SOURCE DATA section start

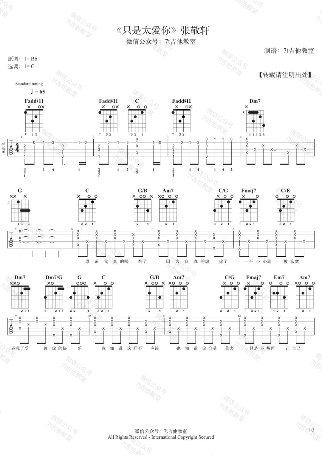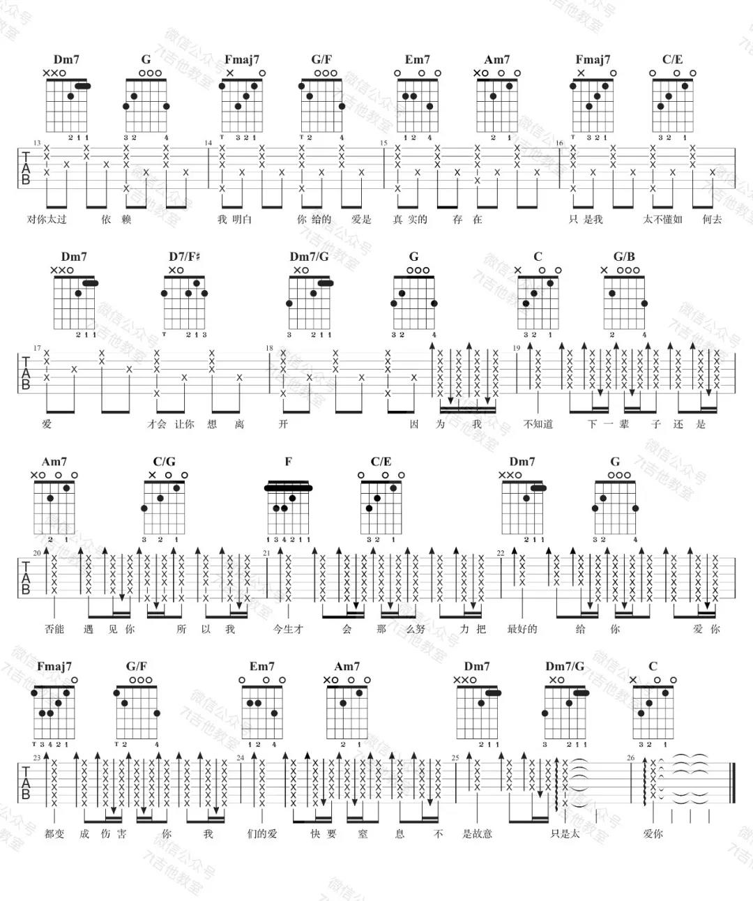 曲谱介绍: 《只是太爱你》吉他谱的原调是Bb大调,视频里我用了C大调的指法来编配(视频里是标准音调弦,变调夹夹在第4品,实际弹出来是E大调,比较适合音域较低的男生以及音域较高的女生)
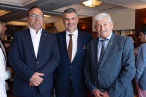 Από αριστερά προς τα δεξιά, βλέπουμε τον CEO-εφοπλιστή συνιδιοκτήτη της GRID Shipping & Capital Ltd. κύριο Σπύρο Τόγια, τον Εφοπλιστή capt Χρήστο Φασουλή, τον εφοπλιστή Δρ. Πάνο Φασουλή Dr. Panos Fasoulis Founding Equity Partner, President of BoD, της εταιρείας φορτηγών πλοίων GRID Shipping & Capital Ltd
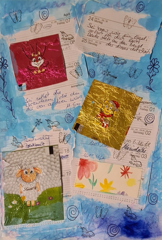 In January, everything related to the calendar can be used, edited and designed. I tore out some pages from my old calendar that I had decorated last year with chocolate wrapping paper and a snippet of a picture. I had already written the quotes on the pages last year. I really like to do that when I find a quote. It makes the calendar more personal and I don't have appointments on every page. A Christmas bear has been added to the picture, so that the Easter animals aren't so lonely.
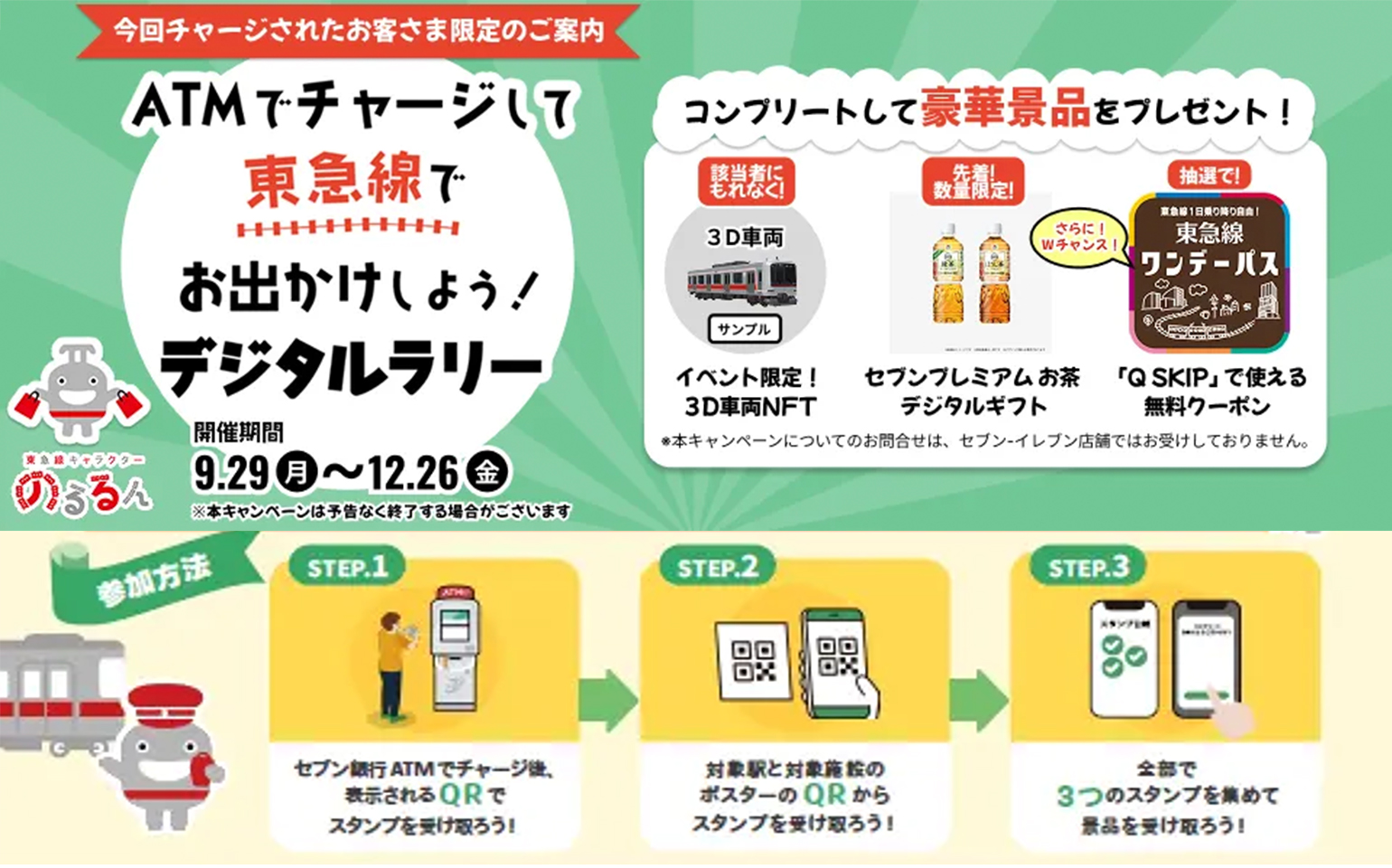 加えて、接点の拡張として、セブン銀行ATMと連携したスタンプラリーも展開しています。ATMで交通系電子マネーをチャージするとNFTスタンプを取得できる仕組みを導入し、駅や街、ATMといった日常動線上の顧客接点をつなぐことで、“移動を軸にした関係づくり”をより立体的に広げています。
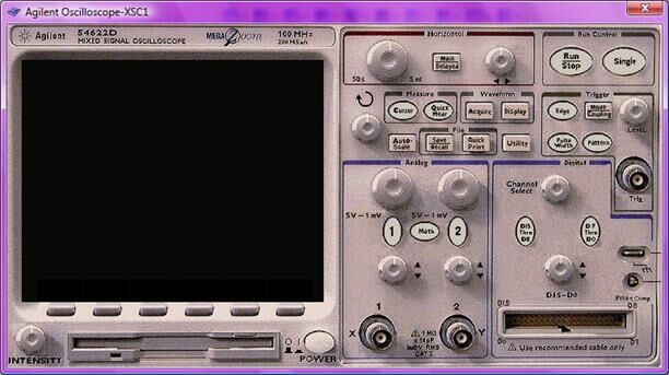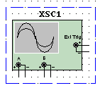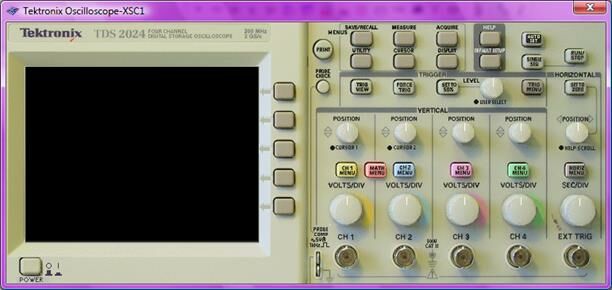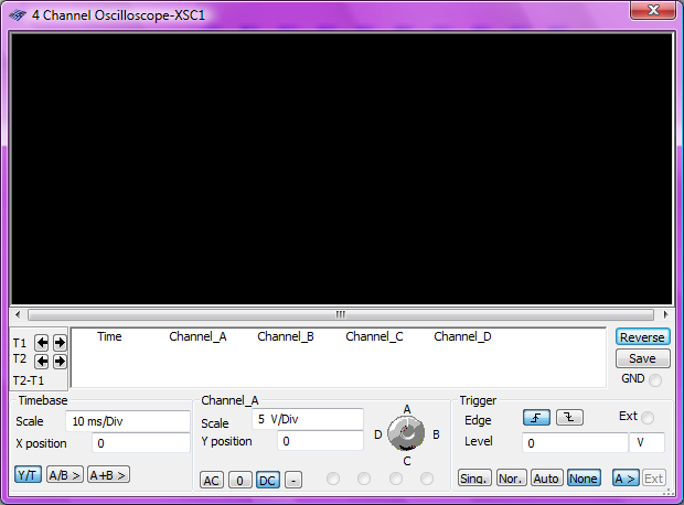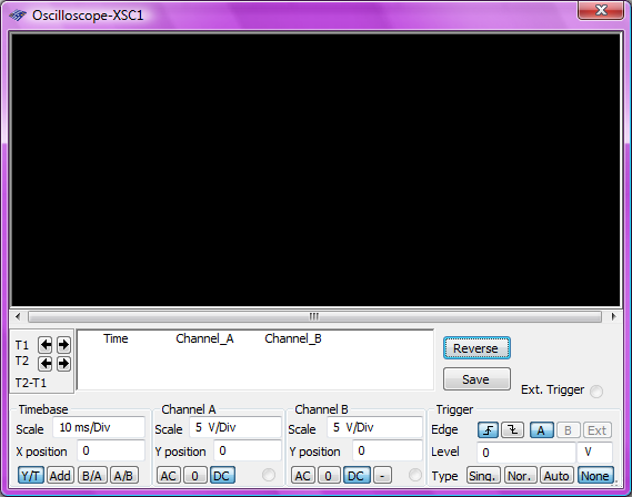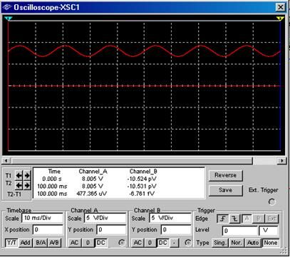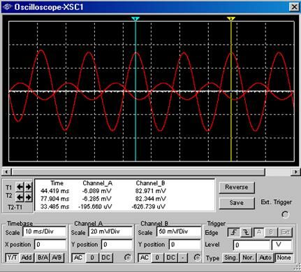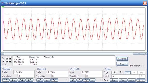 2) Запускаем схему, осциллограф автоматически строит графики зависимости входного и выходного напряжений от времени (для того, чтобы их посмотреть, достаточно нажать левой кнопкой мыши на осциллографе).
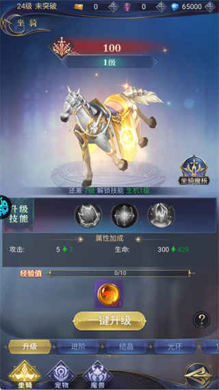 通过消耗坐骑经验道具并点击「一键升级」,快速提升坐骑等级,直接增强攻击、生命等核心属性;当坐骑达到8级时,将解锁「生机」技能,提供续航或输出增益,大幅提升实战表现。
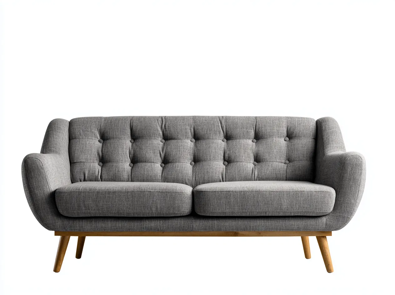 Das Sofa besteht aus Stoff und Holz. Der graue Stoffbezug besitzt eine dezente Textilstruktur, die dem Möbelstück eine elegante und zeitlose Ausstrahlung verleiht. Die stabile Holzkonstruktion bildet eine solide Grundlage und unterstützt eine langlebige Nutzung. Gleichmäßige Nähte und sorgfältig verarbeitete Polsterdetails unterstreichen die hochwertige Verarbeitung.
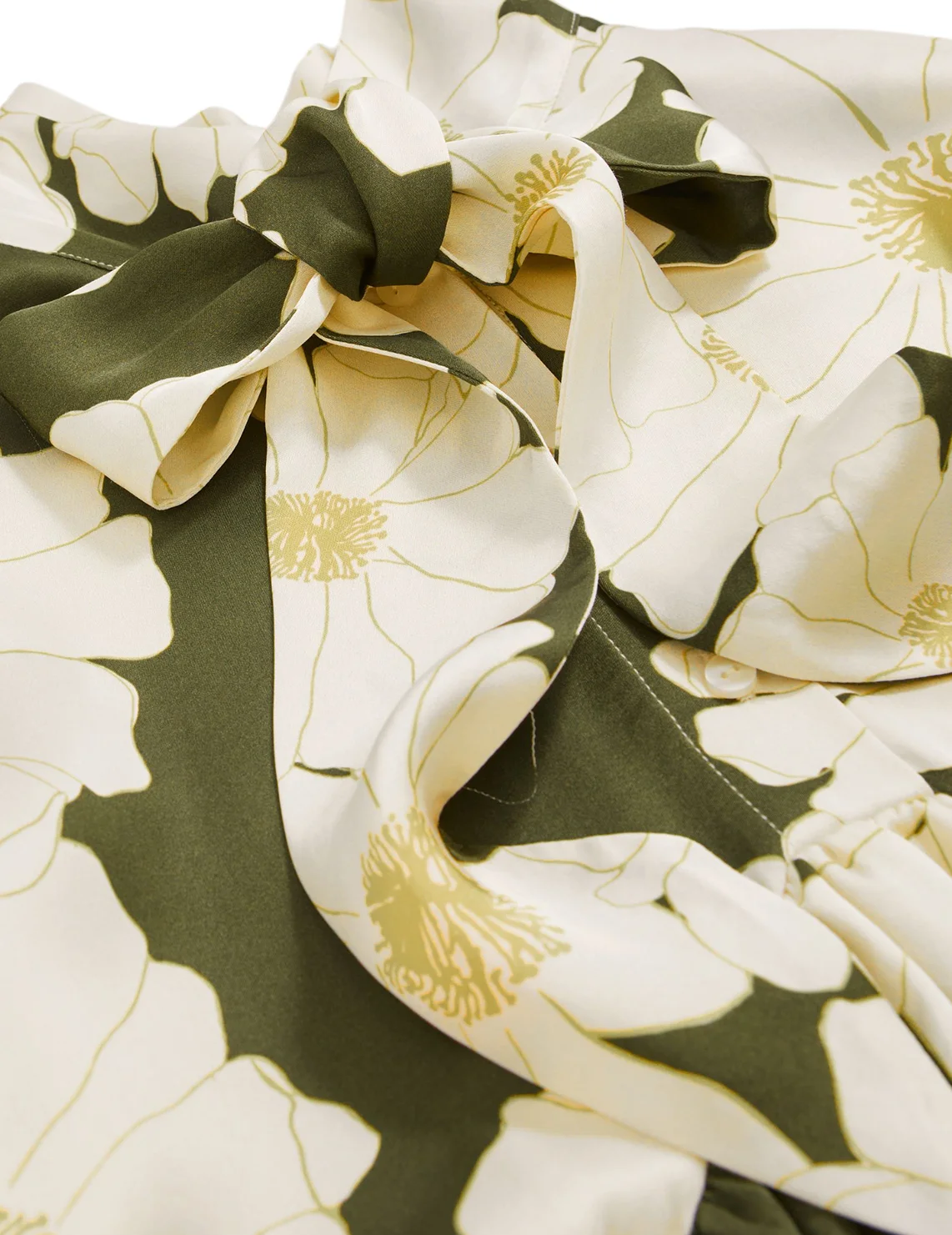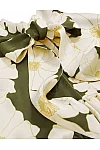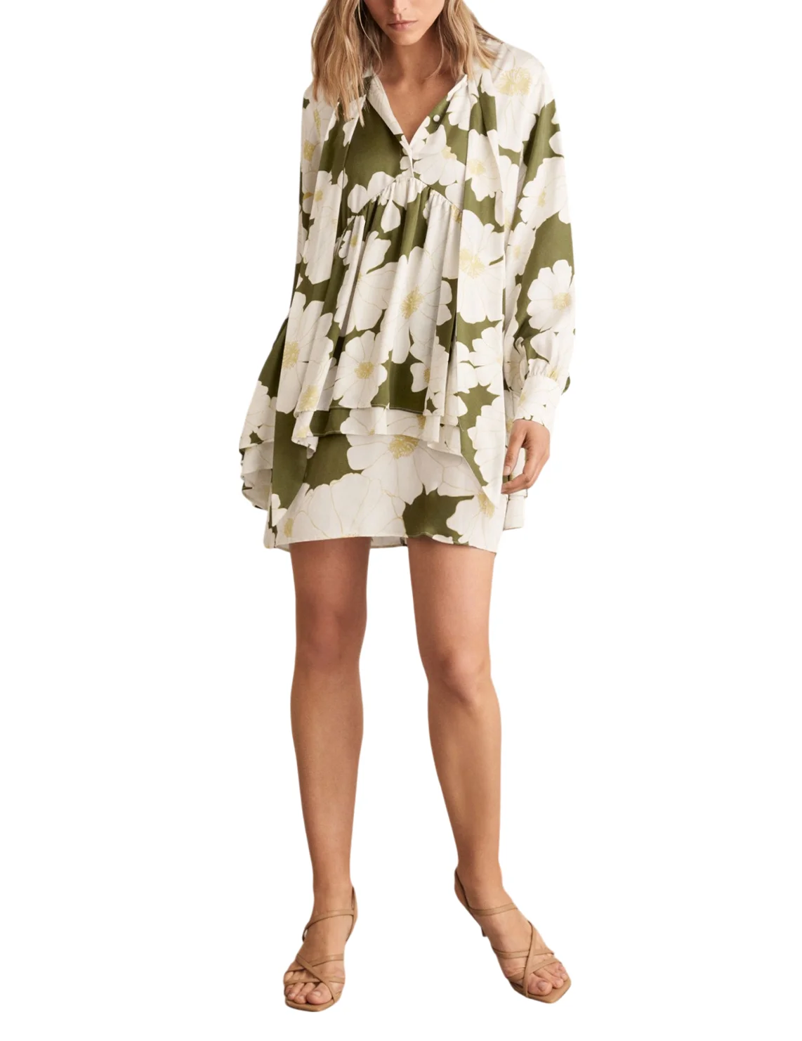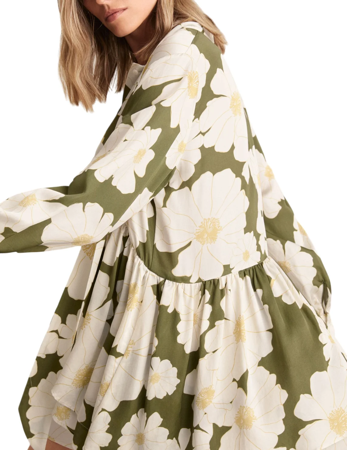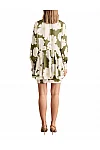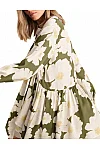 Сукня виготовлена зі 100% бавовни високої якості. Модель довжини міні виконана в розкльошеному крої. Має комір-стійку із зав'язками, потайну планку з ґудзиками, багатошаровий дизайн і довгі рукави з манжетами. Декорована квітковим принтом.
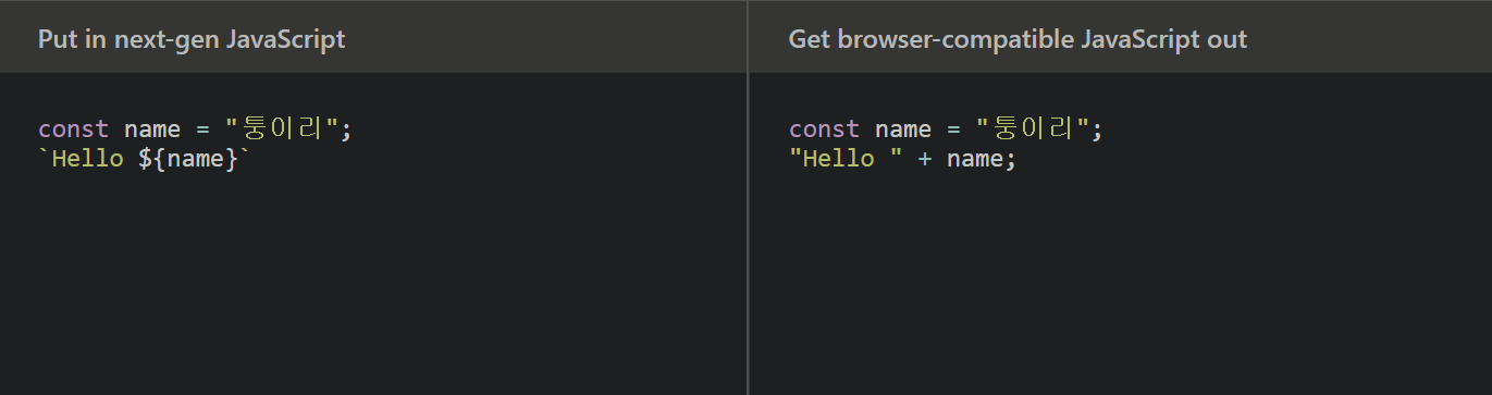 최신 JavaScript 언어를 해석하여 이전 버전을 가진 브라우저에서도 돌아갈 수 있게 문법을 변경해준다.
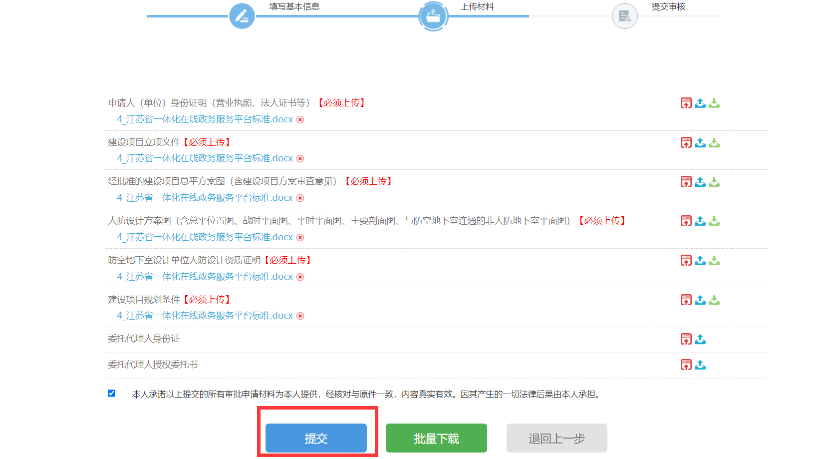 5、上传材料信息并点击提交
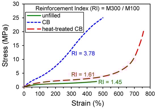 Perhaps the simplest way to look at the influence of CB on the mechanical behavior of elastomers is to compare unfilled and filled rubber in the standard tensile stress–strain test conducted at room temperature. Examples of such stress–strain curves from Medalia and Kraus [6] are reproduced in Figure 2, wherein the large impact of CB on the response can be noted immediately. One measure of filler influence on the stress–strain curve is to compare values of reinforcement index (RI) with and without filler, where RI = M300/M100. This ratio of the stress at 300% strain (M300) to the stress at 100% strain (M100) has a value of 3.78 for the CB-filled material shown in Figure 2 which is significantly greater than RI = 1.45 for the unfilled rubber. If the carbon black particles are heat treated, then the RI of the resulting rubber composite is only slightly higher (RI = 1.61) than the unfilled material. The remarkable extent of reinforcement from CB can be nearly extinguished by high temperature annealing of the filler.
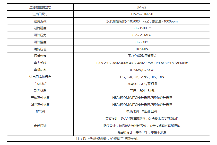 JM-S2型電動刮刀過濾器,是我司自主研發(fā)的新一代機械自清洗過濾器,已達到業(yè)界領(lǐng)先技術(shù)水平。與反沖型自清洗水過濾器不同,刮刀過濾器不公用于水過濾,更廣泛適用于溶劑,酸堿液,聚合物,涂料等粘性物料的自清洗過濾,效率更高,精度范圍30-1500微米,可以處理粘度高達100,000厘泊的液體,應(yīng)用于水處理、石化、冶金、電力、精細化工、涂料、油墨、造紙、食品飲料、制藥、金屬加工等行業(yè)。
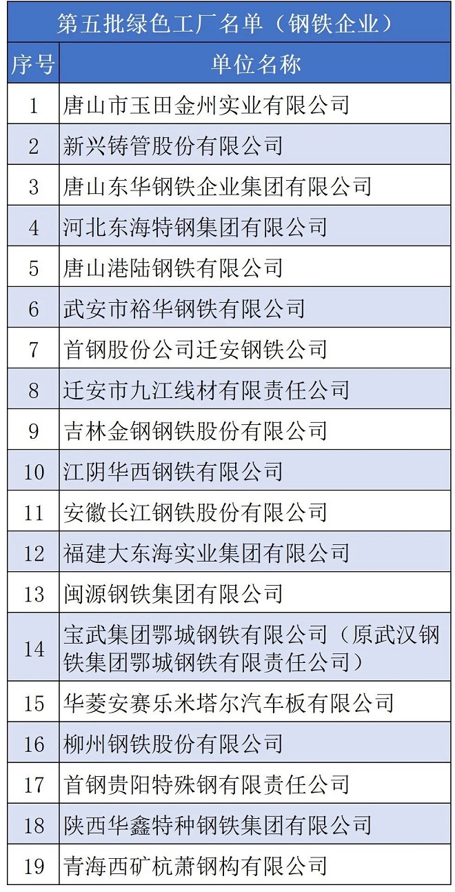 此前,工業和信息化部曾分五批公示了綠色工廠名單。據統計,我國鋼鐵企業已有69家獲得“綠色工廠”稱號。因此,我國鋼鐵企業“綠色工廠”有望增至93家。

SOURCE DATA section end

(EXERCISE GOAL) Repeat, without pictures, exactly the lines of the data above from the one containing "Das Sofa besteht" through the one containing "5、上传材料信息并点击提交", including both and adding nothing.

(SOLUTION)
 Das Sofa besteht aus Stoff und Holz. Der graue Stoffbezug besitzt eine dezente Textilstruktur, die dem Möbelstück eine elegante und zeitlose Ausstrahlung verleiht. Die stabile Holzkonstruktion bildet eine solide Grundlage und unterstützt eine langlebige Nutzung. Gleichmäßige Nähte und sorgfältig verarbeitete Polsterdetails unterstreichen die hochwertige Verarbeitung.
 Сукня виготовлена зі 100% бавовни високої якості. Модель довжини міні виконана в розкльошеному крої. Має комір-стійку із зав'язками, потайну планку з ґудзиками, багатошаровий дизайн і довгі рукави з манжетами. Декорована квітковим принтом.
 최신 JavaScript 언어를 해석하여 이전 버전을 가진 브라우저에서도 돌아갈 수 있게 문법을 변경해준다.
 5、上传材料信息并点击提交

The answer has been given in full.